Would you transcribe the listing that follows, character for character, and omit its images?

** Recorded information **
*** Block opens ***

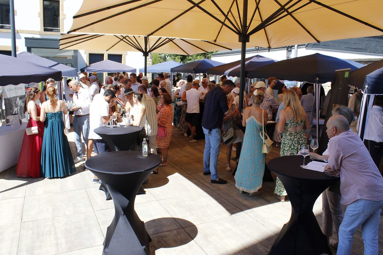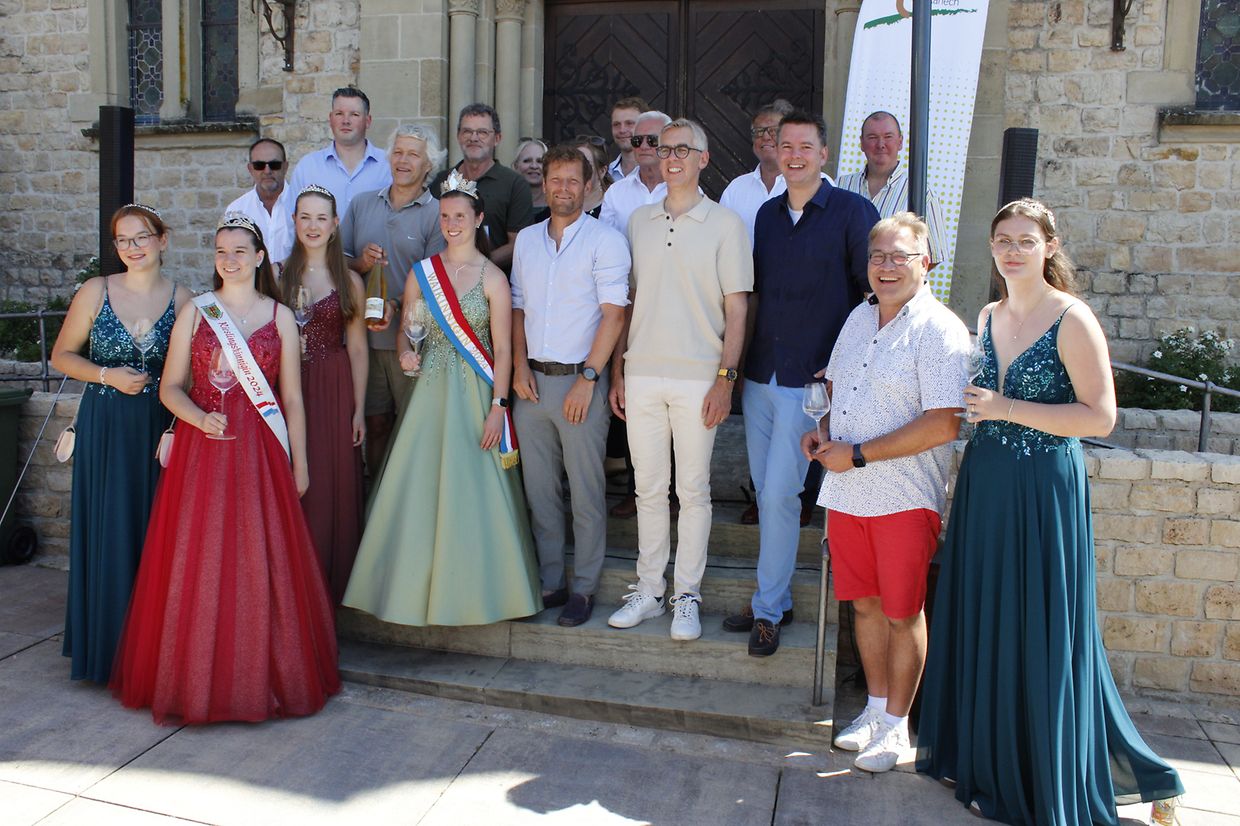 Canach. Bei strahlendem Sommerwetter feierte das Canacher Bioweinfest seine gelungene Premiere auf dem überdachten Vorplatz der Gemeinde. Die Veranstaltung war eine gemeinsame Initiative von Guide Vinlux, Natur & Ëmwelt sowie der Gemeinde Lenningen und hatte das Ziel, einem breiten Publikum die Qualität und Vielfalt des biologischen Weinbaus näherzubringen. Zur feierlichen Eröffnung begrüßte Bürgermeister Tim Karius im Beisein der Schöffen Jean-Marie Hermann und Philippe Gengler sowie mehrerer Gemeinderäte eine Reihe hochkarätiger Gäste mit folgenden Worten: „Häerzlech wëllkomm an eiser schéiner Gemeng Lenneng, der Dier zu der Musel, wou d’Landschaft sech lues awer sécher mat Wéngerte rëscht an den Himmel sech iwwer Muselriewer spannt, déi eis Wäin, Kultur a Genoss bréngen“. Unter ihnen befanden sich Innenminister Léon Gloden, Mittelstands- und Tourismusminister Lex Delles, mehrere Abgeordnete – sowie der Präsident der Privatwinzer, Guy Krier. Ebenfalls anwesend waren die Vertreter der Schöffenräte der Ostgemeinden, die luxemburgischen Biowein-Pioniere Raymond Aendekerk und Carlo Entringer von der Sektion „Natur & Ëmwelt“ Lenningen/Canach, die Weinhoheiten mitsamt Luxemburger Weinkönigin Anne-Catherine und Rieslingskönigin Anne mit ihren Prinzessinnen sowie zahlreiche Wein- und Crémantliebhaber.
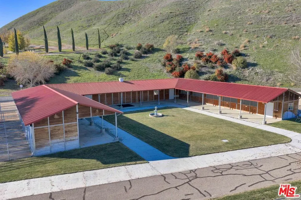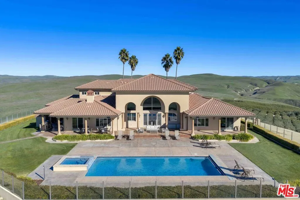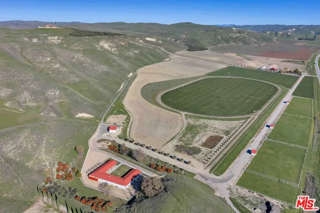 Welcome to Five Arches Ranch, an extraordinary 639+-acre estate in the heart of California’s Central Coast, where wide-open space, wine country living, and true ranch luxury come together. Spanning three legal parcels, this legacy property offers a rare combination of agricultural production, equestrian facilities, residential comfort, and exceptional privacy. At the center of the ranch sits a beautifully maintained 7,772 SF main residence (7BD/6.5BA), built in 2008 and positioned at the end of a gated, cypress tree-lined private driveway. Designed to frame panoramic ridgeline and vineyard views, the home features large windows, an attached guest quarters with a kitchenette, two 2-car garages, a resort-style 40′ x 20′ pool with automatic cover, a built-in spa, an outdoor kitchen with a pizza oven, and 745 feet of glass fencing surrounding the main compound. The chef’s kitchen is complete with high-end Dacor stainless steel appliances, a breakfast nook, sprawling granite counters, a walk-in pantry, and a climate-controlled wine cellar. The living room and loft benefit from soaring ceilings, natural light through large arched windows, and tasteful tile floors. Five Arches Ranch is deeply rooted in equestrian tradition. The extensive horse facilities include an impressive 60′ x 50′ horse barn with 11 stalls, an attached trainer’s apartment, 800 linear feet of fenced turnout, and a 40-foot radius hot walker. Additional structures include a 925 SF hay barn, a 4,000 SF equipment shed with a fuel station, a ranch office, two ranch houses, and a historic 1935 barn, seven buildings in total supporting full ranch operations. Agricultural assets include 12 acres of producing olive trees, 23 acres of Syrah (1998), 10 acres of Cabernet Sauvignon (2017), and extensive irrigated ground (264.62 acres). Four high-capacity wells have been tested and support farming, equestrian use, and future expansion. The ranch also offers grazing land, a second elevated plateau ideal for a future home site, and nearly 2 miles of Highway 46 frontage for accessibility. A property of this scale, versatility, and beauty is exceptionally rare in Paso Robles wine country. Five Arches Ranch offers land, luxury, privacy, water, and income potential, all in one extraordinary package. | All showings must be scheduled 24 hours in advance. | Shown to prequalified clients only.
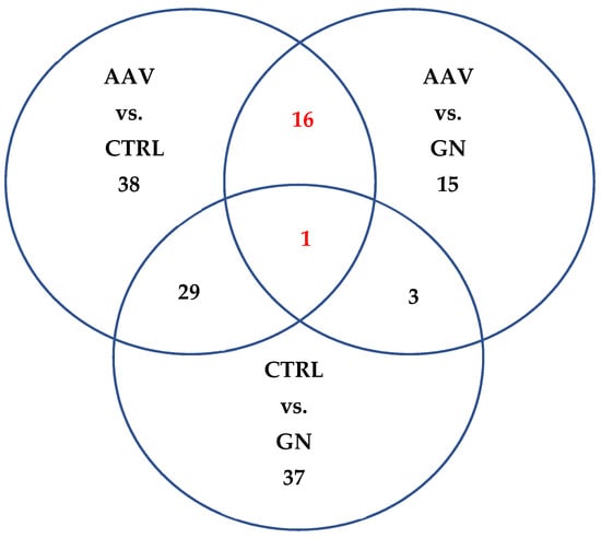 Venn diagram of the number of statistically significant differentially expressed miRNAs. Legend: AAV, ANCA-associated vasculitis; CTRL, subjects without clinical presentation of renal disease; GN, patients with glomerulonephrites other than AAV.

*** Block closes ***

** Task output **
 Canach. Bei strahlendem Sommerwetter feierte das Canacher Bioweinfest seine gelungene Premiere auf dem überdachten Vorplatz der Gemeinde. Die Veranstaltung war eine gemeinsame Initiative von Guide Vinlux, Natur & Ëmwelt sowie der Gemeinde Lenningen und hatte das Ziel, einem breiten Publikum die Qualität und Vielfalt des biologischen Weinbaus näherzubringen. Zur feierlichen Eröffnung begrüßte Bürgermeister Tim Karius im Beisein der Schöffen Jean-Marie Hermann und Philippe Gengler sowie mehrerer Gemeinderäte eine Reihe hochkarätiger Gäste mit folgenden Worten: „Häerzlech wëllkomm an eiser schéiner Gemeng Lenneng, der Dier zu der Musel, wou d’Landschaft sech lues awer sécher mat Wéngerte rëscht an den Himmel sech iwwer Muselriewer spannt, déi eis Wäin, Kultur a Genoss bréngen“. Unter ihnen befanden sich Innenminister Léon Gloden, Mittelstands- und Tourismusminister Lex Delles, mehrere Abgeordnete – sowie der Präsident der Privatwinzer, Guy Krier. Ebenfalls anwesend waren die Vertreter der Schöffenräte der Ostgemeinden, die luxemburgischen Biowein-Pioniere Raymond Aendekerk und Carlo Entringer von der Sektion „Natur & Ëmwelt“ Lenningen/Canach, die Weinhoheiten mitsamt Luxemburger Weinkönigin Anne-Catherine und Rieslingskönigin Anne mit ihren Prinzessinnen sowie zahlreiche Wein- und Crémantliebhaber.
 Welcome to Five Arches Ranch, an extraordinary 639+-acre estate in the heart of California’s Central Coast, where wide-open space, wine country living, and true ranch luxury come together. Spanning three legal parcels, this legacy property offers a rare combination of agricultural production, equestrian facilities, residential comfort, and exceptional privacy. At the center of the ranch sits a beautifully maintained 7,772 SF main residence (7BD/6.5BA), built in 2008 and positioned at the end of a gated, cypress tree-lined private driveway. Designed to frame panoramic ridgeline and vineyard views, the home features large windows, an attached guest quarters with a kitchenette, two 2-car garages, a resort-style 40′ x 20′ pool with automatic cover, a built-in spa, an outdoor kitchen with a pizza oven, and 745 feet of glass fencing surrounding the main compound. The chef’s kitchen is complete with high-end Dacor stainless steel appliances, a breakfast nook, sprawling granite counters, a walk-in pantry, and a climate-controlled wine cellar. The living room and loft benefit from soaring ceilings, natural light through large arched windows, and tasteful tile floors. Five Arches Ranch is deeply rooted in equestrian tradition. The extensive horse facilities include an impressive 60′ x 50′ horse barn with 11 stalls, an attached trainer’s apartment, 800 linear feet of fenced turnout, and a 40-foot radius hot walker. Additional structures include a 925 SF hay barn, a 4,000 SF equipment shed with a fuel station, a ranch office, two ranch houses, and a historic 1935 barn, seven buildings in total supporting full ranch operations. Agricultural assets include 12 acres of producing olive trees, 23 acres of Syrah (1998), 10 acres of Cabernet Sauvignon (2017), and extensive irrigated ground (264.62 acres). Four high-capacity wells have been tested and support farming, equestrian use, and future expansion. The ranch also offers grazing land, a second elevated plateau ideal for a future home site, and nearly 2 miles of Highway 46 frontage for accessibility. A property of this scale, versatility, and beauty is exceptionally rare in Paso Robles wine country. Five Arches Ranch offers land, luxury, privacy, water, and income potential, all in one extraordinary package. | All showings must be scheduled 24 hours in advance. | Shown to prequalified clients only.
 Venn diagram of the number of statistically significant differentially expressed miRNAs. Legend: AAV, ANCA-associated vasculitis; CTRL, subjects without clinical presentation of renal disease; GN, patients with glomerulonephrites other than AAV.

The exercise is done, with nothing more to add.